Fortunately, she did receive the voicemail message that I left on Sunday night, October 17th. I told her of Dr. Farlow’s generous offer, and that I really needed to speak to her. She called me back early the next morning, but her demeanor was less cooperative than I’d hoped.

She explained to me that her original inclination was to believe that her husband indeed did have Alzheimer’s disease, but that she was convinced otherwise by the psychiatrist who was treating Alex at the time. He made the quite plausible argument that it was the cumulative effects of the sleep apnea, exacerbated by severe depression causing Alex’s problems. The good news they thought, was that it was fully treatable and quite possibly reversible. Alex might even be able to one day resume his career as an attorney.
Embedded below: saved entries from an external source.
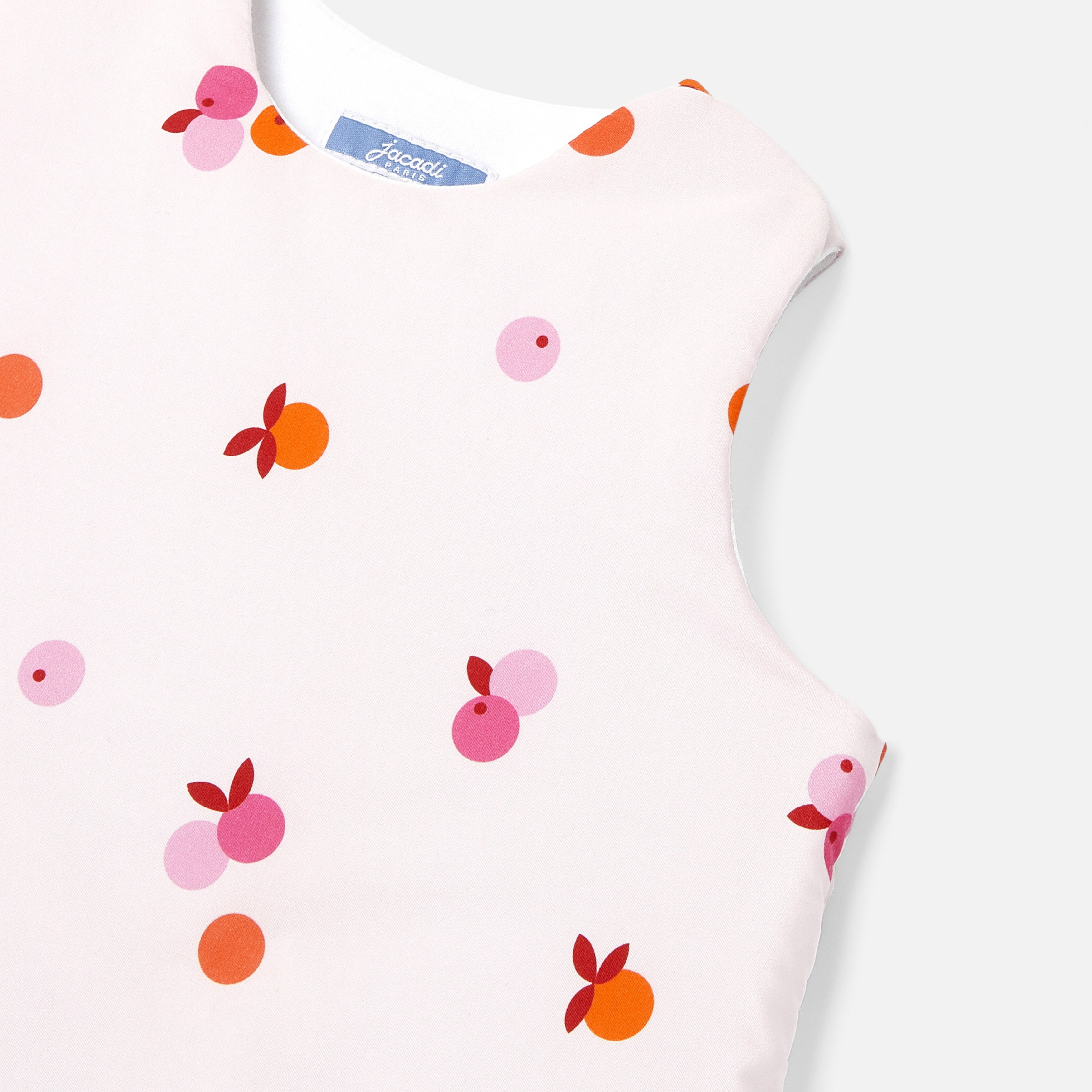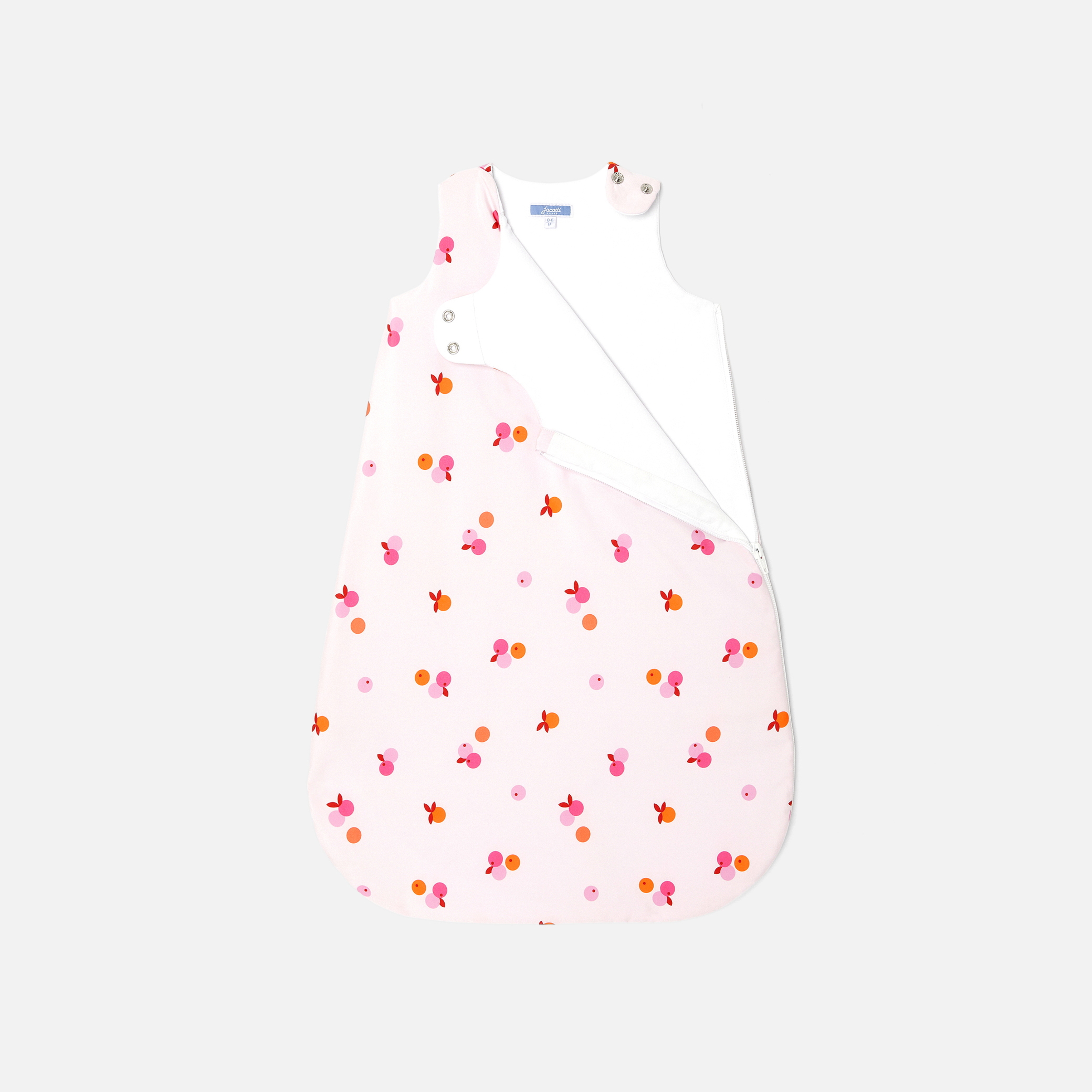 Sacco nanna nascita in morbidissima popeline di cotone dinamizzato da un'esclusiva e golosa stampa Jacadi, fodera in cotone, imbottitura leggera, zip laterale e automatici sulle spalle; Regalo nascita ideale, Popeline di cotone
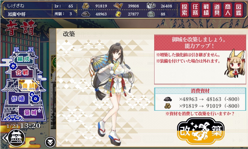 さて、話は遡って前々回のアップデートで追加された城娘の改築追加です。
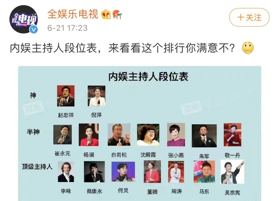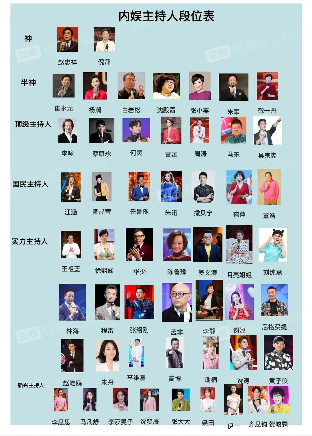 昨日,网上众多网友晒出了某网友整理的内娱主持人段位表,你看过了吗?
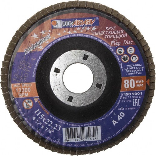 • ЛУГА 115х22.23 мм, P40, для УШМ, круг лепестковый торцевой абразивный для шлифования 3656-115-40
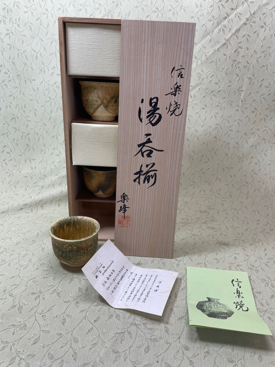 > ★(A-7) 信楽焼 楽峰 湯呑揃 お湯呑 5客 茶器 茶道具 共箱 栞付き 日本六古窯 [80]

No wonder she almost casually dismissed Dr. Farlow’s offer. “No, not really AJ,” she replied, when I asked if she would want to explore getting a second opinion at IU. “I’m not really all that impressed by Dr. Farlow, y’know? I’ve done a little research on Alzheimer’s myself and I never see his name mentioned. I’m sorry, but I’m just not convinced that he’s all that great,” she added matter-of-factly.

She continued, “What no one on the outside realizes is that I’ve been working with a whole group of doctors for over a year. I haven’t been sitting on my hands. No, I haven’t been talking to the family about it a lot, but that doesn’t mean we haven’t been trying to get something done. We’ve got some pretty good doctors down here in Dallas, you know. Besides, I’m supposed to get the final diagnosis back from them in 10 days, on October 27th.”

I tried to counter by reminding her that there are a lot of doctors working with AD patients, but not many with the expertise and background on the type that effects our family. I related the information that Dr. Farlow’s comments to my Dad in a conversation last summer regarding the strides being made with the new AD medications that are now available, and how they had proved so successful in slowing down the progress of the disease. I emphasized that because of our family’s rapidly-advancing AD strain, time was of the essence in placing Alex in the best position possible to retain what faculties he still has.

“I mean, wouldn’t you want to know for sure, from the experts?” I asked.

“Oh, you mean the ‘experts’ who told you guys that you weren’t going to get Alzheimer’s? C’mon now AJ…” she said with a sarcastic chuckle.

Of course I had no comeback. This was long before I had realized the error that we all made in judging the research, which we thought placed us in the clear. I felt my stomach tighten. I swallowed hard and reminded myself all that this woman has been through. I couldn’t allow myself to take her comment as a personal insult.

I asked her to at least to consider it, after all, it wasn’t going to cost her anything, and that’s certainly something she couldn’t say about the group she was working with there. She agreed, but only pending the final diagnosis by the local doctors; she would do nothing prior to that. She told me she would call me on either the 27th or 28th, depending on what time of day she actually got the results.

Additionally, while her rather defensive posture didn’t bode well for the likelihood that this trip would actually happen, I did ask, if the results ruled out the possibility of AD in her mind, could I still come to visit Alex for a few days as I had originally planned. She said, “Of course, that would be great!” So I knew at least that she wasn’t mad at me. She was just, quite simply, confident of the preliminary diagnosis that her local doctors had given.

It would prove to be a confidence misplaced.